• **Exercise details**
Repeat all the records exactly, omitting pictures.

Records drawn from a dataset

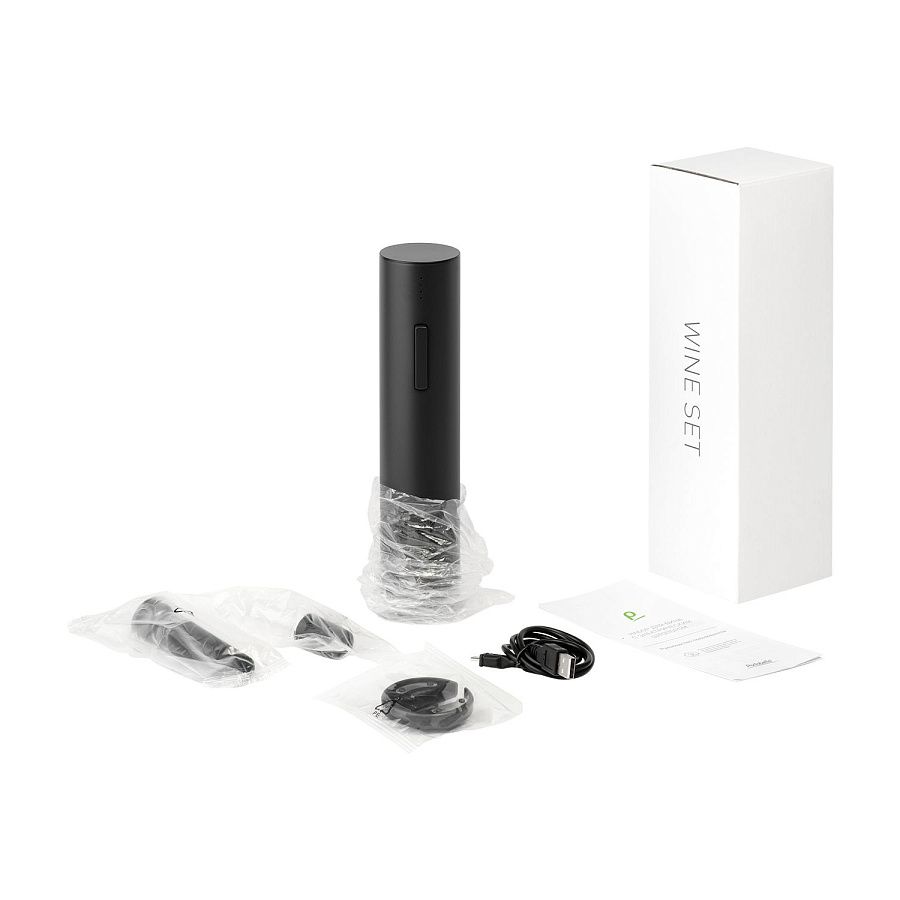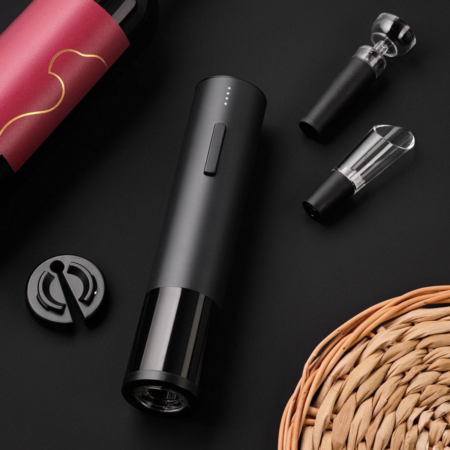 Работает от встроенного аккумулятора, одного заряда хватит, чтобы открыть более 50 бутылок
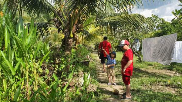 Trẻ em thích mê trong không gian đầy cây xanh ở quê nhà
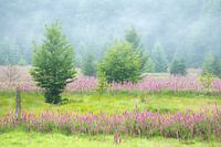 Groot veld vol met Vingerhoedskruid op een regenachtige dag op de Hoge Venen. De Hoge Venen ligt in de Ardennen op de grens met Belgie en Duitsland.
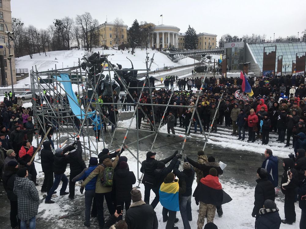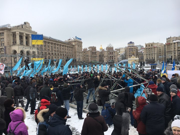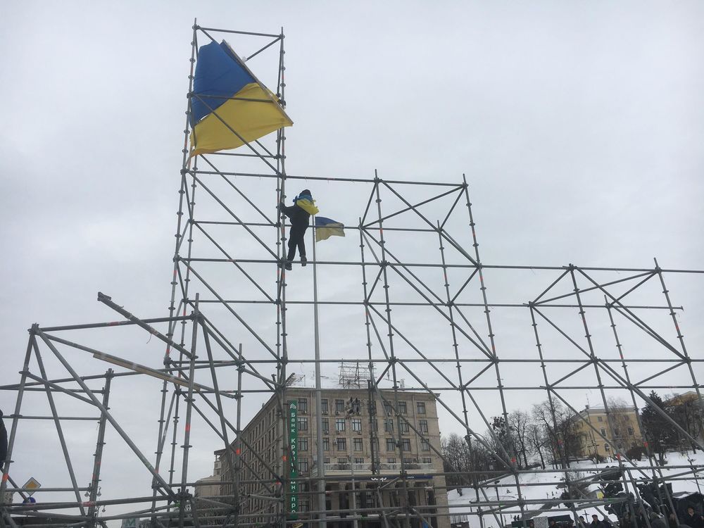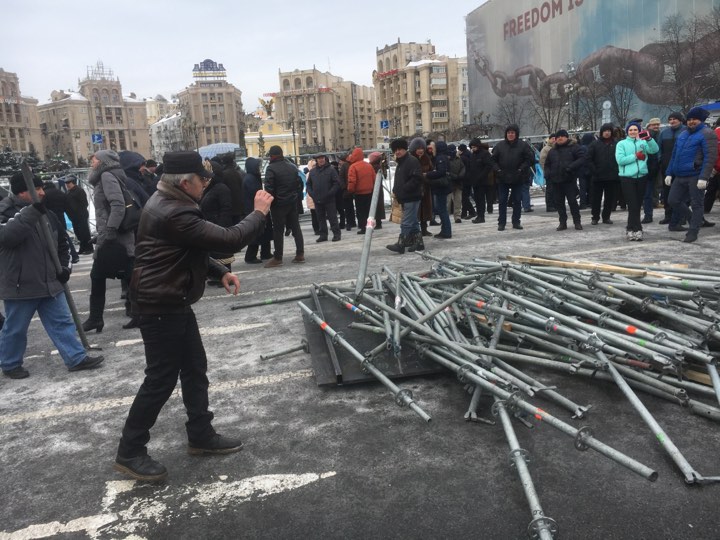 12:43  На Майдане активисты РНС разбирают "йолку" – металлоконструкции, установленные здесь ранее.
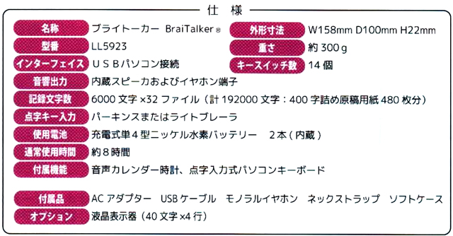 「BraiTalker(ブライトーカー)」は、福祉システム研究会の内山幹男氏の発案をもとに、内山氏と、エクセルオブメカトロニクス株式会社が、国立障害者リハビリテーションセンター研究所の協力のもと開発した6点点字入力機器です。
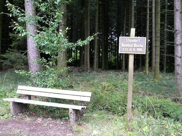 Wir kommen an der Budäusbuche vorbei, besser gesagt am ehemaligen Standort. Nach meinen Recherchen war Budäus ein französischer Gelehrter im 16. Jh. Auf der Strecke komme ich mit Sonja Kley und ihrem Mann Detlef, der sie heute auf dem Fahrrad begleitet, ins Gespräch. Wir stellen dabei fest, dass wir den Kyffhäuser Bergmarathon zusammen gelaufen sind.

• **Response area**
 Работает от встроенного аккумулятора, одного заряда хватит, чтобы открыть более 50 бутылок
 Trẻ em thích mê trong không gian đầy cây xanh ở quê nhà
 Groot veld vol met Vingerhoedskruid op een regenachtige dag op de Hoge Venen. De Hoge Venen ligt in de Ardennen op de grens met Belgie en Duitsland.
 12:43  На Майдане активисты РНС разбирают "йолку" – металлоконструкции, установленные здесь ранее.
 「BraiTalker(ブライトーカー)」は、福祉システム研究会の内山幹男氏の発案をもとに、内山氏と、エクセルオブメカトロニクス株式会社が、国立障害者リハビリテーションセンター研究所の協力のもと開発した6点点字入力機器です。
 Wir kommen an der Budäusbuche vorbei, besser gesagt am ehemaligen Standort. Nach meinen Recherchen war Budäus ein französischer Gelehrter im 16. Jh. Auf der Strecke komme ich mit Sonja Kley und ihrem Mann Detlef, der sie heute auf dem Fahrrad begleitet, ins Gespräch. Wir stellen dabei fest, dass wir den Kyffhäuser Bergmarathon zusammen gelaufen sind.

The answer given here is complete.